Salah satu strategi melangkah ke depan adalah pendidikan berkesinambungan bagi
profesi kita. Pertanyaan yang muncul adalah, siapa yang harus membiayai seluruh proses
pemberdayaan profesi keperawatan? Tidak hanya pendidikan, tetapi juga sosialisasi
paradigma baru, pembuatan peraturan, peningkatan jasa keperawatan, dan sebagainya.

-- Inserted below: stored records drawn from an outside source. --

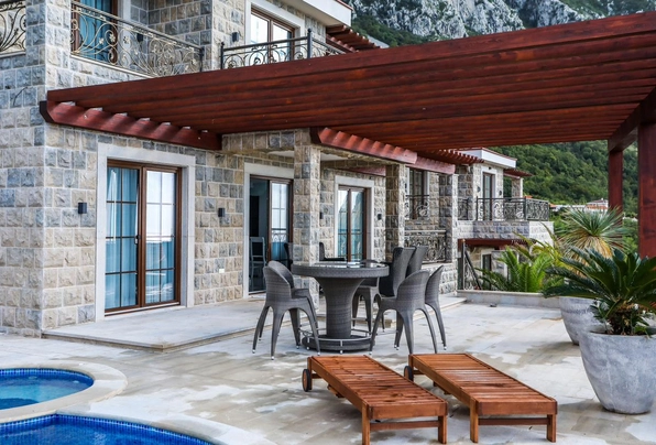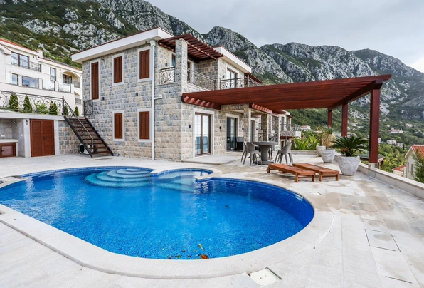 Аренда виллы в Близикучи №4294. Сдается вилла на круглый год или до сезона в элитном посёлке с видом на море , расположенный в 15 км от Будвы Предлагается к аренде не большая, на 2 этажа вилла со своим бассейном Территория 500 кв м Дом имеет 260 кв м с терассой 3 спальные комнаты, 2 сан узла Камин Вид на море Паркинг На первом этаже расположена гостинная с кухней В посёлке расположены 2 ресторана, 6 монастырей с прекрасными виновными площадками В 10 минутах езды пляж Crvena glavica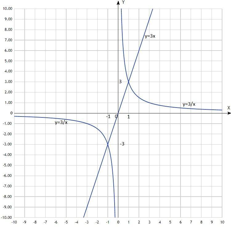 Координаты точек пересечения графиков: (-1; -3); (1; 3).
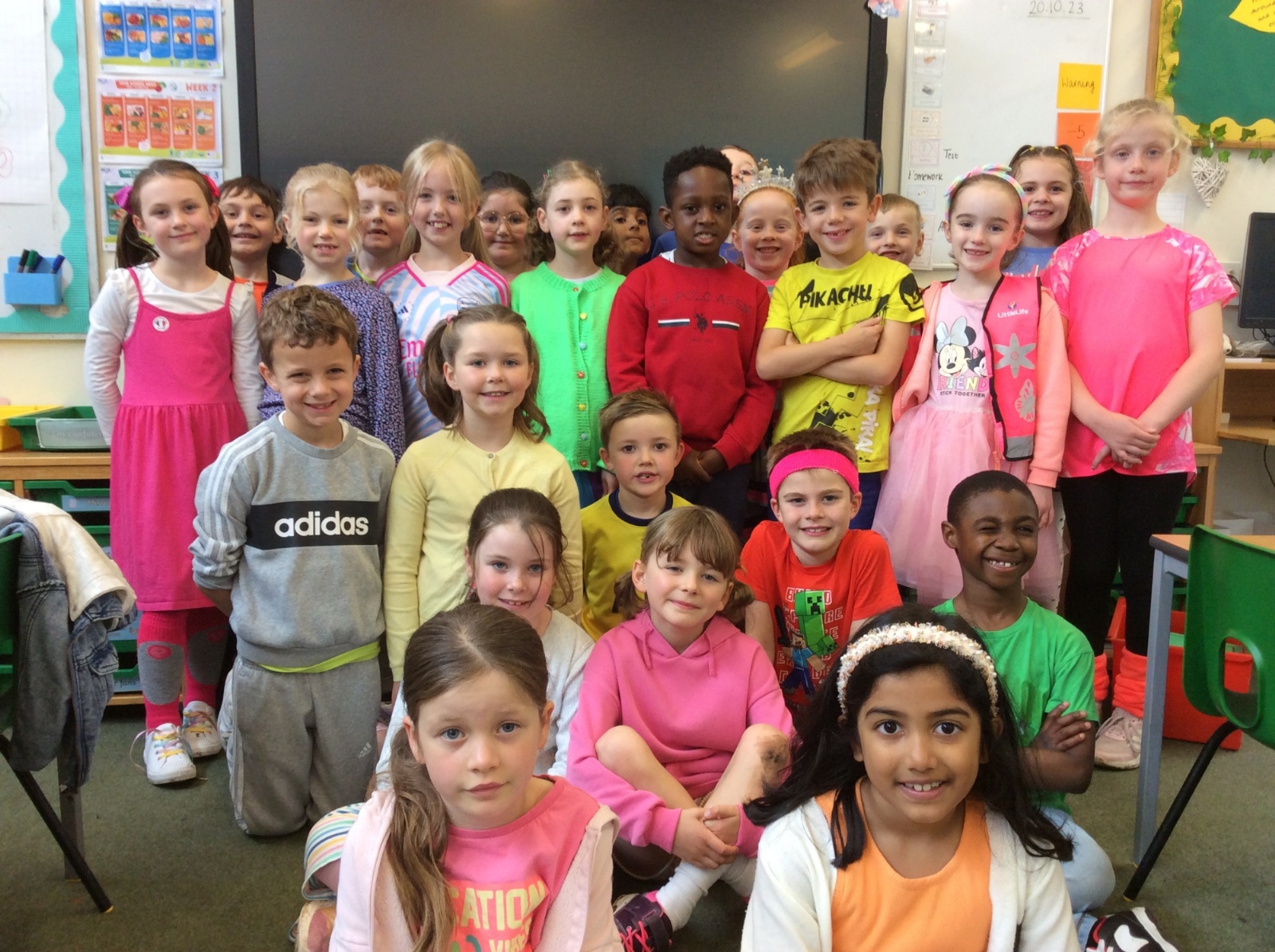 On Friday 20th October we came to school dressed in our brightest colours! Whilst this was a really enjoyable day, it carried a very important message. With the clocks due to go back at the end of October, it will get dark a lot earlier. Especially for children staying on for after school clubs, it will be important to consider whether they can be clearly seen whilst walking or cycling home from school. Well done to everyone, but especially those who thought about the need to wear reflective clothing that will be picked up by cars' headlights and make individuals even more visible.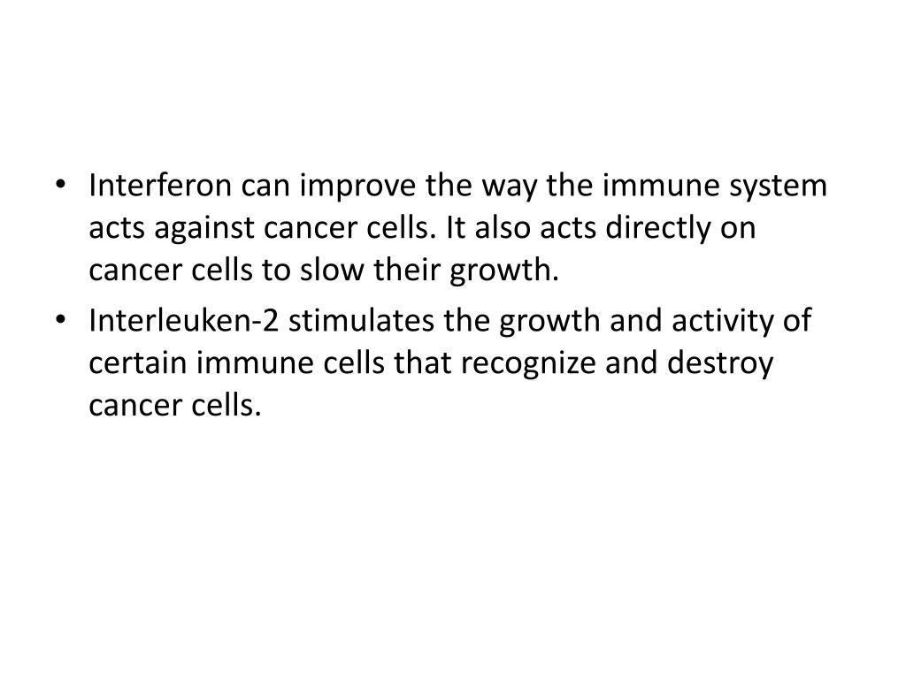 Interferon can improve the way the immune system acts against cancer cells. It also acts directly on cancer cells to slow their growth. • Interleuken-2 stimulates the growth and activity of certain immune cells that recognize and destroy cancer cells.

Mengharapkan pemerintah untuk berperan dalam menyiapkan perawat yang memiliki
standar global tentunya bagai pungguk merindukan bulan, apalagi dengan kondisi
anggaran negara yang defisit seperti sekarang. Alternatifnya adalah konsumen pemakai
jasa keperawatan. Inipun tidak bisa mencakup semua konsumen sebab 36 juta warga
penduduk miskin tentunya belum mampu untuk mengaksesnya. Tarif jasa keperawatan
yang dinaikkan pada golongan menengah ke atas diharapkan mampu menjadi alternatif
solusi. Dengan kenaikan tarif jasa keperawatan diharapkan selain sebagai subsidi silang
juga bisa memberikan kontribusi yang nyata bagi perkembangan keperawatan. Di era
pemulihan ekonomi dan political will pemerintah yang patut dipertanyakan ini, seharusnya
profesi kita lebih mandiri. Dalam artian jangan pernah mengandalkan orang lain ketika
menata internal keperawatan. Kedepan, perawat dituntut untuk handal, cepat, akurat dan
memiliki mental yang pantang menyerah. Analisis kekuatan dan kelemahan yang tajam
disertai dengan penyelesaian yang tepat merupakan langkah yang harus diprioritaskan. Hal
ini tidak berarti kita berjalan sendiri tanpa koordinasi dengan stake holder ataupun profesi
lain. Koordinasi, kerjasama serta selalu terbuka terhadap kritik dan saran yang membangun
merupakan hal dasar yang tidak boleh ditinggalkan. Harapan ke depan adalah tidak ada
lagi perawat yang mengeluhkan bahwa mereka merasa digaji underpaid atau mereka kerja
sampingan hanya untuk memenuhi kebutuhan dasarnya.